Alex K. Miller

International Development Data Scientist

Climate finance and climate vulnerability choropleth

A choropleth map I designed in October 2024 as a part of an unreleased redesign of a climate finance tracker for COP29. It shows total ODA allocated to climate adaptation on the left in green and a climate vulnerability index on the right in red. The map features formatted pop-ups on click and a slider in the middle that allows users to change the boundary. The data processing for the map as well as the creation of the HTML widget were automated using R.

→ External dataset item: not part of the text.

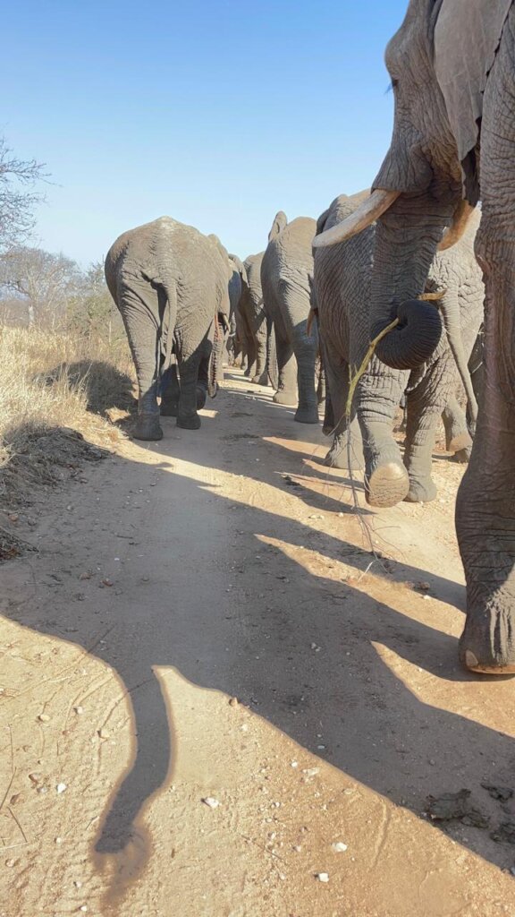 A few weeks ago, Adine encountered the wild elephant herd while driving through the reserve. The cows, babies, and young bulls were in a playful mood, causing a little mischief before they peacefully passed by her car. It was a reminder of the natural behaviour of elephants, as part of the larger herd had split off into smaller family groups—an instinctual move for safety and resources. But the magic didn’t stop there. A lone lioness appeared on the road, calmly strolling by. These rare and breathtaking moments show how extraordinary the African bushveld truly is.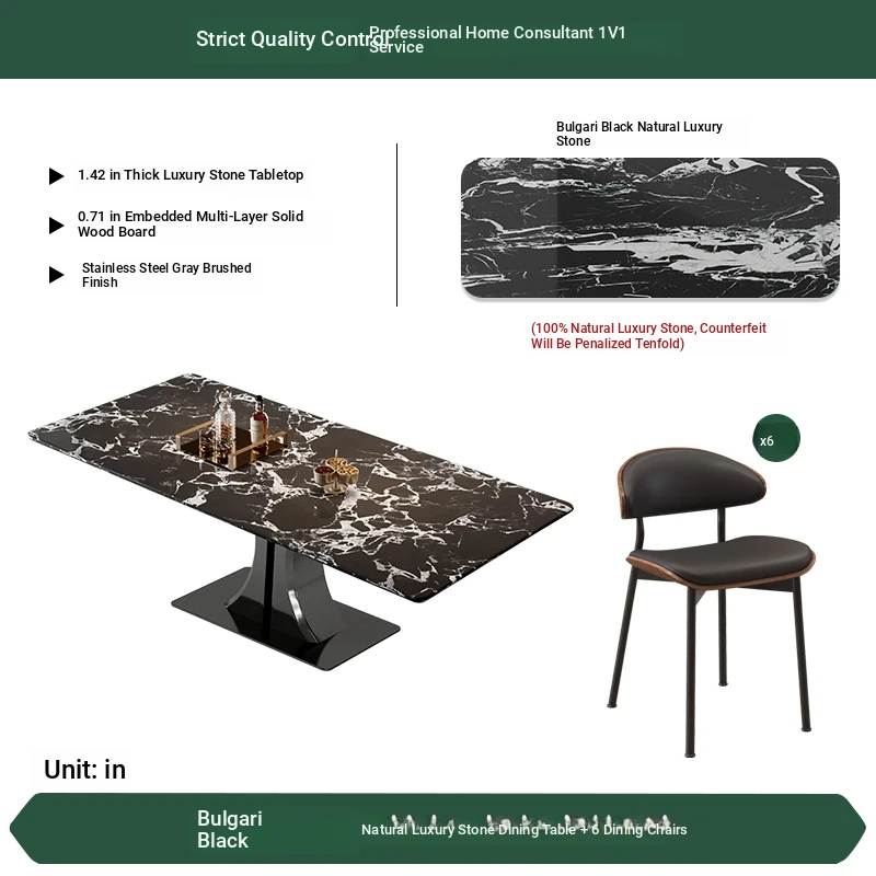 [Bulgari Black] Natural Luxury Stone Dining Table + Dining Chair * 6 (Pure Natural Luxury Stone, Ten Penalties for Fake)

Open-source code available here: https://github.com/devinit/climate-vulnerability-map-v2

IATI organization type sankey diagram

A sankey diagram showing how flows of international development assistance in 2023 reported to IATI are broken down into both donor and recipient organization types. Users can click to rearrange nodes on either side of the diagram, and hoverover either nodes or links to highlight and read the precise values in a tooltip. It shows the largest donor type is multilateral (101 USD billion) followed by government (94 USD billion), and the multilaterals are spending the most on other multilaterals first, followed by governments, followed by International NGOs. Data for the visual is scripted to download from the IATI Datastore API, so it can be kept up-to-date.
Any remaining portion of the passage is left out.